Input data START

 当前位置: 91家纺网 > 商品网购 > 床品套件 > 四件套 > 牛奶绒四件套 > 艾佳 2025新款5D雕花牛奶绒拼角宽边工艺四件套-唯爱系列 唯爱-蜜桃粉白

Input data END
Input data START

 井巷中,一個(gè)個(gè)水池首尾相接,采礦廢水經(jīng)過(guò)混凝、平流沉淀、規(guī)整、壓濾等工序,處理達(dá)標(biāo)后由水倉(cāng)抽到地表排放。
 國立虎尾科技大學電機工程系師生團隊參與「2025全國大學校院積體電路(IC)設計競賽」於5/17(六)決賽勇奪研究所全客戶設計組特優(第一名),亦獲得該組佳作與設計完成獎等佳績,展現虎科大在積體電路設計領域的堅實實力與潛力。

Input data END

### Exercise directions
In the entries above, find the line holding "井巷中,一個(gè)個(gè" and the line holding "國立虎尾科技大學電機工程系師", then retype exactly those two lines and every line between them, and nothing else.

### Answer to the problem
 井巷中,一個(gè)個(gè)水池首尾相接,采礦廢水經(jīng)過(guò)混凝、平流沉淀、規(guī)整、壓濾等工序,處理達(dá)標(biāo)后由水倉(cāng)抽到地表排放。
 國立虎尾科技大學電機工程系師生團隊參與「2025全國大學校院積體電路(IC)設計競賽」於5/17(六)決賽勇奪研究所全客戶設計組特優(第一名),亦獲得該組佳作與設計完成獎等佳績,展現虎科大在積體電路設計領域的堅實實力與潛力。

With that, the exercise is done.